Los brutales castigos de los grupos armados colombianos para imponer su ley durante la cuarentena

Human Rights Watch asegura que nueve personas han sido asesinadas en medio de la pandemia a manos de la guerrilla del ELN, grupos disidentes de las FARC y paramilitares

Imagen de archivo de un grafiti en el departamento de Arauca que revela la presencia de las disidencias de las FARC y del ELN.
Imagen de archivo de un grafiti en el departamento de Arauca que revela la presencia de las disidencias de las FARC y del ELN.Human Rights Watch

Atacan vehículos en movimiento, impiden que los campesinos se desplacen para abastecerse de alimentos y ejecutan a quienes no cumplen con las “reglas draconianas” que les imponen.
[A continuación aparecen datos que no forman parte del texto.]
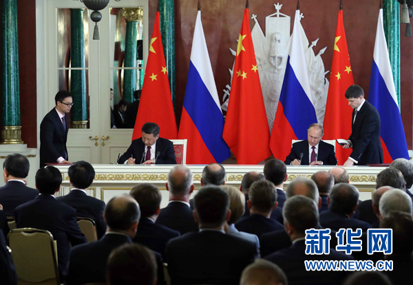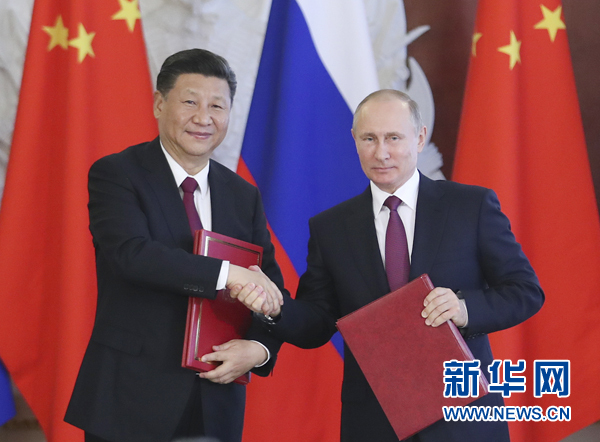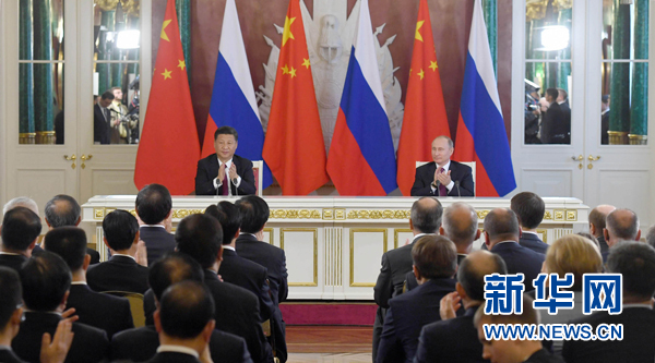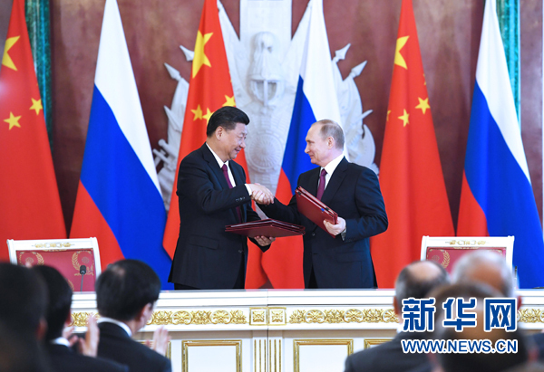 7月4日,國家主席習近平在莫斯科克里姆林宮同俄羅斯總統(tǒng)普京舉行會談。會談后,兩國元首簽署了《中華人民共和國和俄羅斯聯(lián)邦關于進一步深化全面戰(zhàn)略協(xié)作伙伴關系的聯(lián)合聲明》《中華人民共和國和俄羅斯聯(lián)邦關于當前世界形勢和重大國際問題的聯(lián)合聲明》,批準了《〈中華人民共和國和俄羅斯聯(lián)邦睦鄰友好合作條約〉實施綱要(2017年至2020年)》并見證了《中華人民共和國外交部和俄羅斯聯(lián)邦外交部關于朝鮮半島問題的聯(lián)合聲明》以及經貿、農業(yè)、能源、基礎設施建設、金融、文化、創(chuàng)新、媒體、信息網絡、檢驗檢疫等領域多項雙邊合作文件的交換。新華社記者 饒愛民 攝
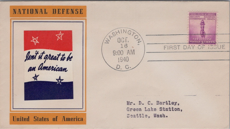 | | First Cachets | | 810 | 0901 | 10/16/1940 | National Defense, Torch; Lange, F. W.; MNL; HC TA | $75.00 |
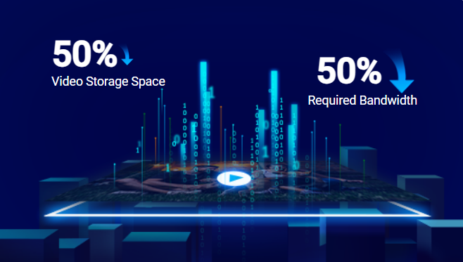 The H.265 creates a smoother viewing experience while only using about 50% of the data storage space required by cameras with H.264.
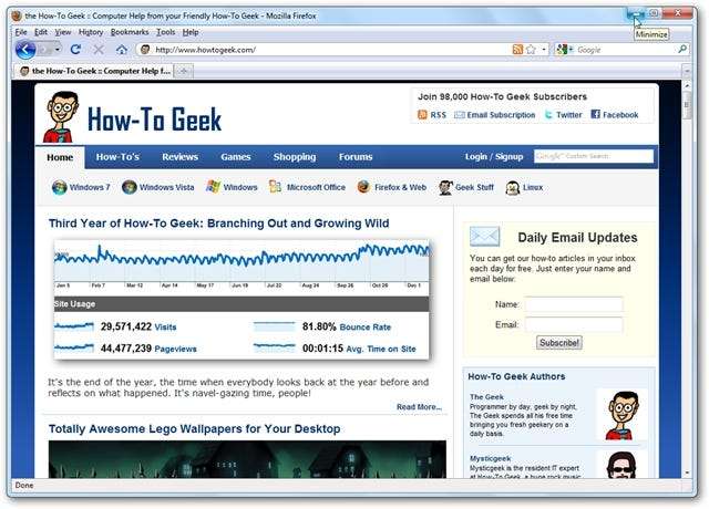Para hacer una ventana de aplicación 3D, haga clic con el botón derecho en el botón Minimizar. Aquí mostramos Firefox abierto en su aspecto 2D normal.
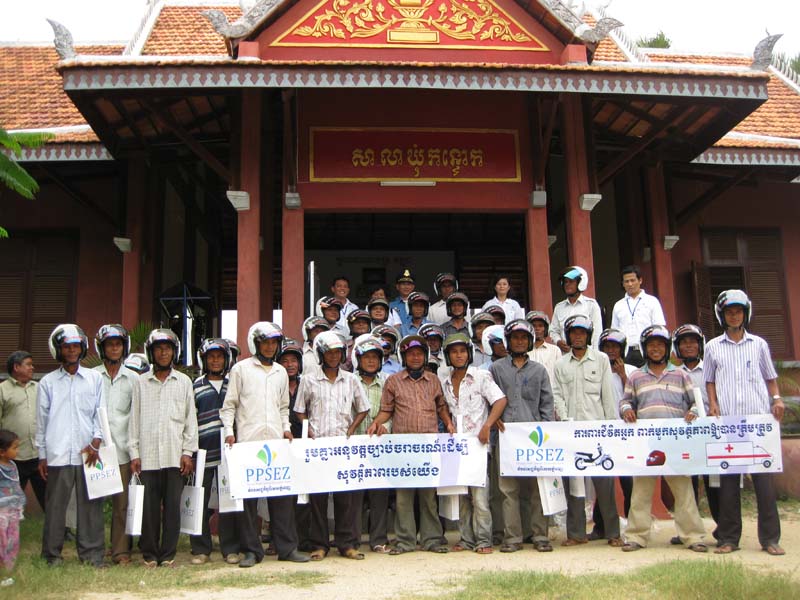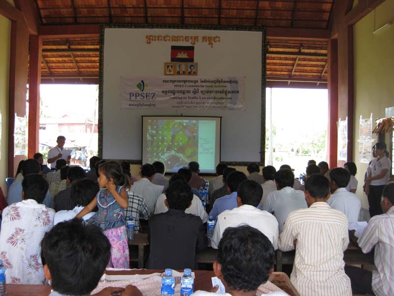 今回のテーマは、「交通安全」です。PPSEZは、プノンペンの郊外にあるため、市内中心部と比べると、まだまだヘルメットをかぶらずバイクを運転する人が多いし、国道4号線でも交通量が年々増加するにつれて、死亡事故も増えています。そこで、村のバイクタクシーのドライバーを対象にした交通安全教室が良いだろうという話しになったわけです。
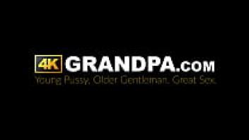 Vigourous grandfather ploughed a slender young beauty with passion.

Así describe la ONG Human Rights Watch la crítica situación que se vive en 11 de 32 departamentos de Colombia por las reglas de terror que les infligen la guerrilla del ELN, la última activa en el país, grupos disidentes de las FARC y los paramilitares de las Autodefensas Gaitanistas. Aprovechando las medidas gubernamentales de cuarentena para contener la propagación del coronavirus, estos grupos armados establecieron medidas férreas que amedrentan a la población.

De acuerdo con un informe presentado este miércoles, en ese contexto de intimidación han sido asesinados nueve civiles. Uno de ellos, el líder social de San Miguel (Putumayo) Edison León Pérez, ejecutado según los testimonios recogidos por denunciar que el grupo narcotraficante llamado La Mafia obligaba a los pobladores “a organizar puntos de control para interrogar y examinar a las personas que ingresaban a la zona en relación con síntomas de covid-19”.

No solo en Putumayo, ubicado en el sur del país, sino también en los departamentos de Cauca, Nariño, Córdoba y Guaviare, la ONG documentó toques de queda impuestos por los grupos armados y amenazas que obligan a los pobladores a cerrar sus tiendas y mercados, aunque la directiva del Gobierno de Iván Duque haya permitido la apertura de algunos sectores económicos. En Tumaco, un municipio de enorme pobreza a orillas del Pacífico, uno de los epicentros del narcotráfico en Colombia, los grupos armados limitan las actividades de pesca y evitan que los residentes vendan comidas en puestos callejeros, lo que está profundizando el hambre que ya ha causado la pandemia. En otros municipios, exigen la toma de temperatura a los campesinos.

“Estos grupos persiguen varios objetivos: afianzar su poder, aprovecharse de las condiciones y la pandemia y de la situación de pánico para consolidar su control social e imponer su autoridad. Y, de otro lado, usar esta pandemia para granjearse legitimidad, para que las comunidades no los vean como una mafia brutal que procede con el único objetivo de extasiar sus necesidades de acumulación de poder, sino también como una entidad que está velando por la comunidad”, dijo José Miguel Vivanco, desde Estados Unidos, durante el lanzamiento del informe.

Las intimidaciones se transmiten a través de panfletos y mensajes de whatsApp, según la investigación del organismo, que consultó a 55 fuentes. En Colombia, a la fecha, hay más de 159.000 personas contagiadas con la covid-19 y no está claro si estos grupos armados amenazan a quienes resulten positivos. “No tenemos una radiografía a ese respecto. Lo que sí sabemos es que las comunidades están en una situación imposible, si tienen tiendas deben cerrarlas por las arbitrariedades por los grupos irregulares. Han perdido ingresos, están en dificultades para subsistir y estos grupos no admiten excepciones”, dijo Vivanco.